Nearly every industry is enamored with generative AI, and fintech is one of the key sectors leading the charge in its adoption. Financial firms can combine generative AI with more established traditional AI capabilities to accelerate an organization’s transformation efforts in a number of key areas, including predictive decision-making, risk assessments, customer engagement, cybersecurity, compliance and more. Yet while generative AI offers great potential, fintech organizations must be strategic in how and where they apply generative AI’s large language models (LLMs) and related technologies in the enterprise.
Four Key Trends
Every organization’s transformation journey will be unique in exactly how and where AI is applied to streamline processes, automate workflows and generate cost savings. That said, here are four key trends that are shaping the AI adoption journey for many firms today:
1. Mixing generative and traditional AI: It’s hard to overstate the excitement around generative AI in an era where ChatGPT, the most well-known generative AI application, quickly set the record for the fastest growing user base in history. But this exuberance can obscure the fact that generative AI must often work in tandem with traditional AI to create the most value. For instance, a bank could use traditional AI to analyze user behavior data and then use the outputs as a basis for generative AI to create personalized content. Or an AIOps platform could incorporate generative AI to customize security alerts and facilitate SOC correspondence. Blending these different types of AI can pay huge dividends for financial firms that contend with sensitive data and strict regulations.
2. More data flexibility and fewer silos: AI has captured the attention of financial services leaders, but it’s easy to forget that AI is nothing in the absence of good data. Without adequate flexibility and access that transcends traditional silos between datasets or vendor ecosystems, the information sources and algorithmic modeling that power generative AI will be limited. A solid data management strategy is the first step to ensure consistent standards for metadata, definitions and data attributes across the IT estate. This must be backed up by the right underlying data architecture, ideally one that accesses data where it resides through a virtualization layer or similar technique that connects all data freely across the enterprise and third-party networks.
3. Embracing private AI: Especially when paired with traditional AI, generative AI delivers more insights and value to the organization than ever before. The caveat is that these insights and value can easily make their way to other companies, even competitors, in an AI ecosystem heavily reliant on third party relationships and vendors. That’s why Private AI solutions will become increasingly important to fintech firms that want to leverage the power of AI without compromising data privacy by inadvertently sharing modeling and algorithm training. Private AI enables firms to train securely on company data, with the resulting models never shared beyond the organization.
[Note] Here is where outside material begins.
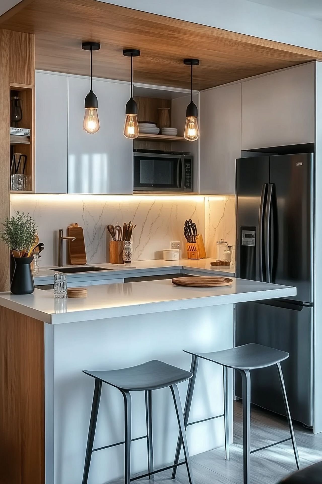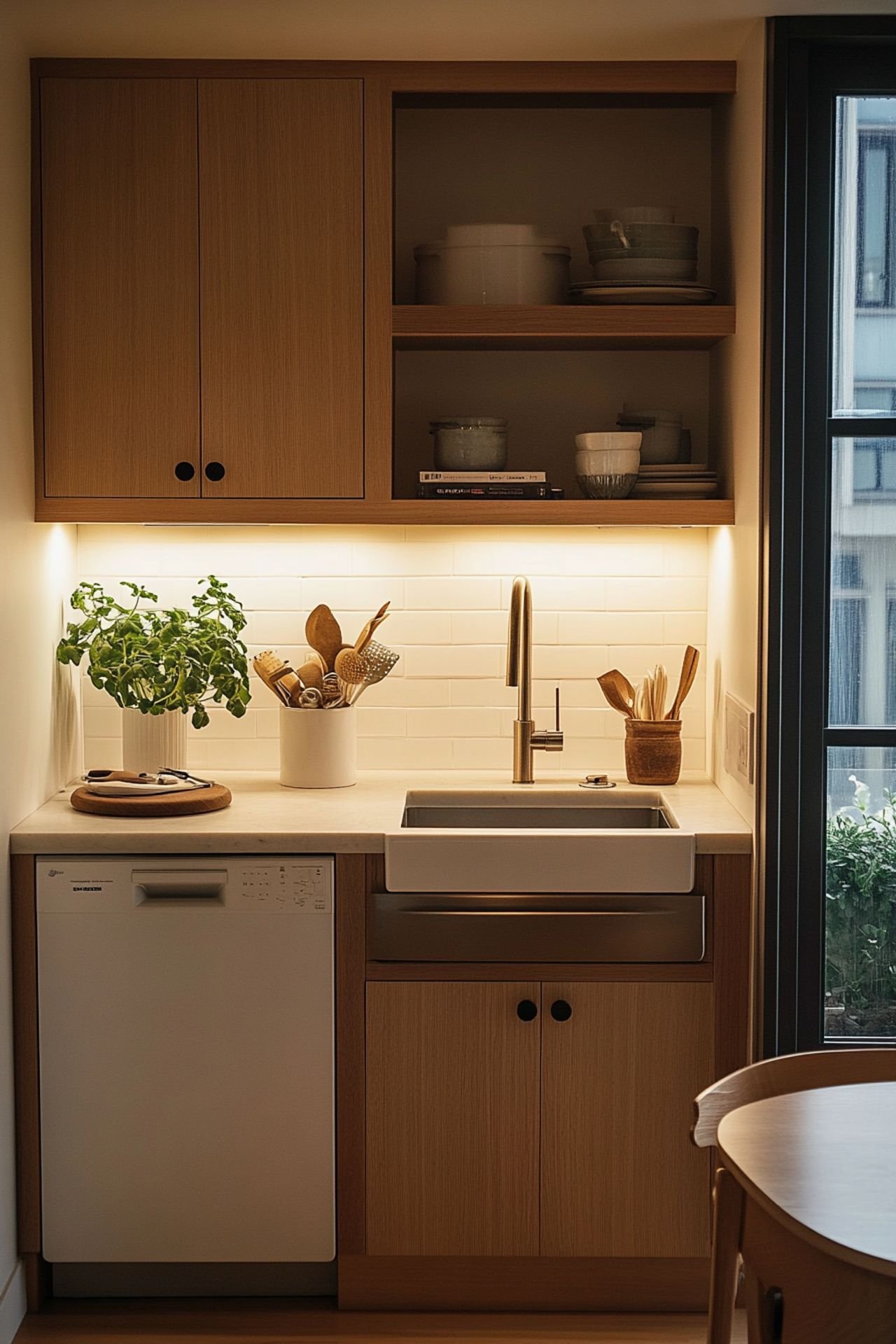 Use natural light, LED lighting, and layered lighting to make your mini kitchen feel larger. These techniques can enhance the space’s visual appeal.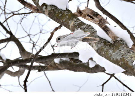 北海道の冬の公園で日中に雪の積もった木々の間を空を飛ぶ(跳ぶ)エゾモモンガ

4. Remembering the people factor in AI adoption: Putting AI capabilities into action requires addressing the people factor. The overarching goal is to make sure the technological complexities that power AI don’t become a barrier to entry for financial risk managers, investment analysts or other business users who shouldn’t need a PhD in data science to do their jobs. Success involves a two-part recipe of providing accessible platforms that allow for control and customization of AI processes without the need for advanced coding; and then adequate training for users to manage these platforms. The latter should include guidance on search and prompt engineering for better results.
Blending AI Innovation with Risk Management for Maximum ROI
The above trends are defining the AI adoption curve today for financial institutions as they seek maximum ROI from new AI-driven efficiencies. The caveat is that, along with the new capabilities must come a substantial risk management effort to ensure security or compliance vulnerabilities aren’t inadvertently created when standing up new AI systems.
While they can dramatically scale operations and transform processes, generative AI platforms that rely on LLMs have been known to introduce AI hallucinations and internet misinformation into their work product. And even traditional AI can magnify risk – including whenever new data streams are accessed without proper authentication safeguards, or in cases where automation is applied to flawed processes, thereby scaling possible instances of non-compliance whenever that automated process takes place. Transformation teams should follow the NIST AI Risk Management Framework to help guide the design, development, use and evaluation of AI products, services and systems.
The stakes for deploying AI effectively and securely in the fintech organization are particularly high in a sector that deals with extremely sensitive PII and financial transactions. The good news is that the payoff for success is also especially high. That’s because given that generative AI’s time-saving capabilities are reducing manual workloads and improving productivity in a sector where salaries tend to be higher, every hour saved magnifies the ROI compared to other industries.